__Material provided__.
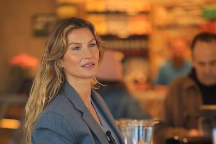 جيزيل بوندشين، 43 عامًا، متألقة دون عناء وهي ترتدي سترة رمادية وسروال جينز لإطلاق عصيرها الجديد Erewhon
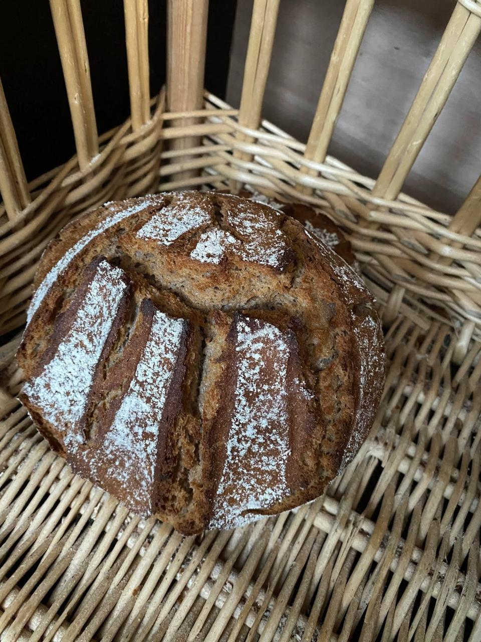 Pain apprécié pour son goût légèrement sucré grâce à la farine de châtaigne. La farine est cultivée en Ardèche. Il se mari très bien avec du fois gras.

==

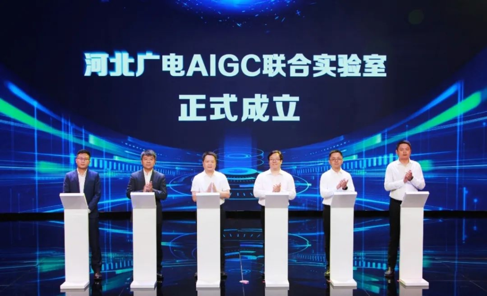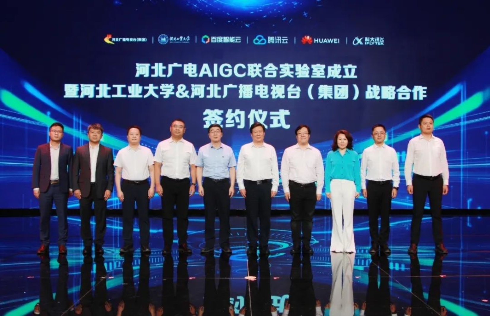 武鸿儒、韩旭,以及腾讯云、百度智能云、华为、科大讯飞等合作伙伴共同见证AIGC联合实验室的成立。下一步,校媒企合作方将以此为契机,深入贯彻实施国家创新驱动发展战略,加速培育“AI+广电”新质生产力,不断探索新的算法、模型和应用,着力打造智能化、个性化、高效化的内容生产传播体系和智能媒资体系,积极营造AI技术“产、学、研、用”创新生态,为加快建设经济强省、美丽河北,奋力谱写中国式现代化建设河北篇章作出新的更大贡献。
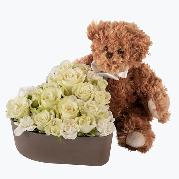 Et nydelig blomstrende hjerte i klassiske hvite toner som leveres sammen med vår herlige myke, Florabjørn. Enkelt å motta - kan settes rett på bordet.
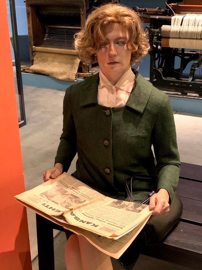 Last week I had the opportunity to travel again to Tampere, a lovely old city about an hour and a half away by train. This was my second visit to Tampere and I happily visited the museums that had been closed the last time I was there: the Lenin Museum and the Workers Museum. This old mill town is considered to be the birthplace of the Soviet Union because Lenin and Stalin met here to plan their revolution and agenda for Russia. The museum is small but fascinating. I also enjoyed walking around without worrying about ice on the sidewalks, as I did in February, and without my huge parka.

__What needs to be done__. Reproduce exactly the lines above starting at the line containing "جيزيل بوندشين، 43" and ending at the line containing "Pain apprécié pour", including both, but not the pictures.

__Answer section__.
 جيزيل بوندشين، 43 عامًا، متألقة دون عناء وهي ترتدي سترة رمادية وسروال جينز لإطلاق عصيرها الجديد Erewhon
 Pain apprécié pour son goût légèrement sucré grâce à la farine de châtaigne. La farine est cultivée en Ardèche. Il se mari très bien avec du fois gras.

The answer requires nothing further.